Well done to everybody who had a go at this activity.

Lots of children said that the smallest number of brush loads needed was 15 and the largest number was 21. Dana from Twyford School in the UK made arrangements of cubes that used all of the numbers of brush loads between 15 and 21, and she even found a way to make an arrangement using 22 brush loads! Have a look at Dana's solution to see how she did it.

Callum and Josh submitted some ways of making the largest number of brush loads and the smallest number of brush loads for 5, 6 and 7 cubes:

Lan explored the pattern for greater numbers of cubes, as did Rohaan from New Zealand. Lan describes the method used:

From counting cubes, we find:
With 5 cubes, the least number of BLs is 15, and the largest number of BLs is 21.
With 6 cubes, the least number of BLs is 16, and the largest number of BLs is 25.
With 7 cubes, the least number of BLs is 19, and the largest number of BLs is 29.
With 8 cubes, the least number of BLs is 20, and the largest number of BLs is 33.
With 9 cubes, the least number of BLs is 23, and the largest number of BLs is 37.

We remark the pattern:
With 5 cubes, the least number is 15, and the largest number is 21.
With 6 cubes, the least number is 15+1 = 16, and the largest number is 21+4 = 25.
With 7 cubes, the least number is 16+3 = 19, and the largest number is 25+4 = 29.
With 8 cubes, the least number is 19+1 = 20, and the largest number is 29+4 = 33.
With 9 cubes, the least number is 20+3 = 23, and the largest number is 33+4 = 37.

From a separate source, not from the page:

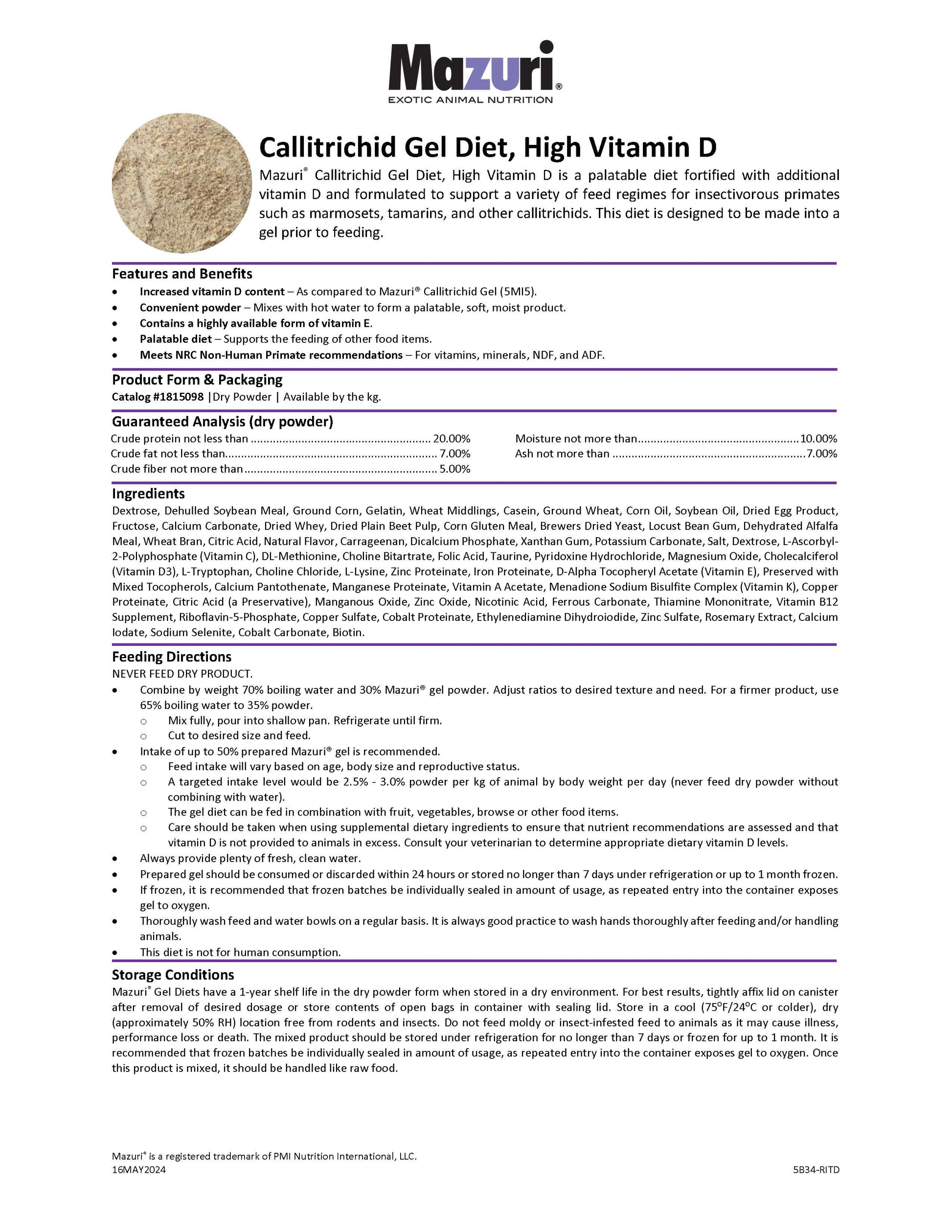 Mazuri Callitrichid Gel Diet, High Vitamin D is an easy-to-prepare Callitrichid diet that provides extra vitamin D for insectivorous primates. This primate food is shipped as a powder that is designed to be made into a gel prior to feeding. Mazuri gel diets are highly palatable and have a long shelf life in the powder form.

This is interesting, isn't it? If we think about the least number of BLs, we are trying to make as close to a rectangular arrangement of cubes as possible. This helps us to see why we only add one face going from an odd to an even number of cubes, but three faces going from an even to an odd.

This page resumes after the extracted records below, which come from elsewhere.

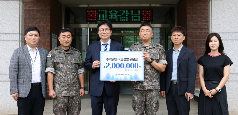인천시교육청은 명절을 앞두고 국토방위에 최선을 다하고 있는 군 장병들과 소방 구급활동 등 대민 봉사 업무관계자들에게 따뜻한 사랑의 마음을 나누고 감사의 마음을 전하고자 매년 위문 활동을 지속하고 있다.
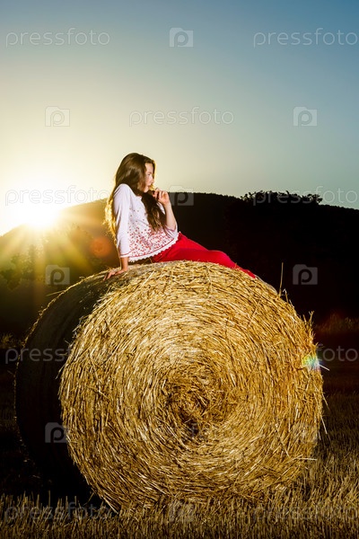 Девушка позирует на вечер на стоге сена
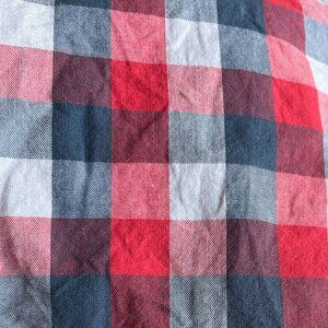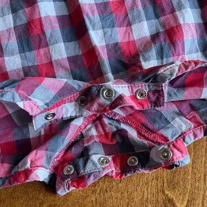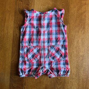 Carhartt lightweight summer romper in red and navy blue picnic plaid, baby size 6 months. Sweet details like flutter cap sleeves, henley-style buttons up the front, slightly puffed legs, and diagonal plaid pockets on the rear. Cute for Fourth of July and patriotic events, or everyday wear. VGUC; slight wash wear.

However, is a rectangular array always the best for minimising the number of brush loads? If you had 9 cubes, how about making a square arrangement? How many brush loads of paint would you need then?

Ci Hui Minh Ngoc from Kong Hwa School in Singapore worked out the number of brush loads needed for every number of cubes from 1 to 7, thinking particularly about the ways of arranging the cubes to give the smallest and largest numbers of brush loads. Have a look at Ci Hui Minh Ngoc's solution to see if you agree with their ideas. The formula under each diagram represents the number of 'covered' faces, i.e. the number of faces that don't need painting, compared to the total number of faces on each of the cubes.

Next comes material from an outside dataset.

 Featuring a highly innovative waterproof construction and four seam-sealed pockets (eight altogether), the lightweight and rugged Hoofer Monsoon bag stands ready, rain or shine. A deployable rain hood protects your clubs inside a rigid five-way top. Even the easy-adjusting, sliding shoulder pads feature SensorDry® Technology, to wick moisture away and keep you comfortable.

Ci Hui Minh Ngoc says that when the cubes are arranged in a tall tower, the number of 'covered' faces in the arrangement with n cubes can be written as (n - 1) x 2 + 1, compared to the total number of faces on all of the cubes which would be 6n.

Rohaan's solution says that the largest number of brush loads is always (4 x number of cubes) + 1. Does this tie in with what Ci Hui Minh Ngoc says about the number of covered faces?

Rohaan also worked out that the smallest number of brush loads depends on whether the number of cubes is odd or even:

Odd: (n - 5) x 2 + 15
Even: (n - 6) x 2 + 16

Does this work for a square arrangement too?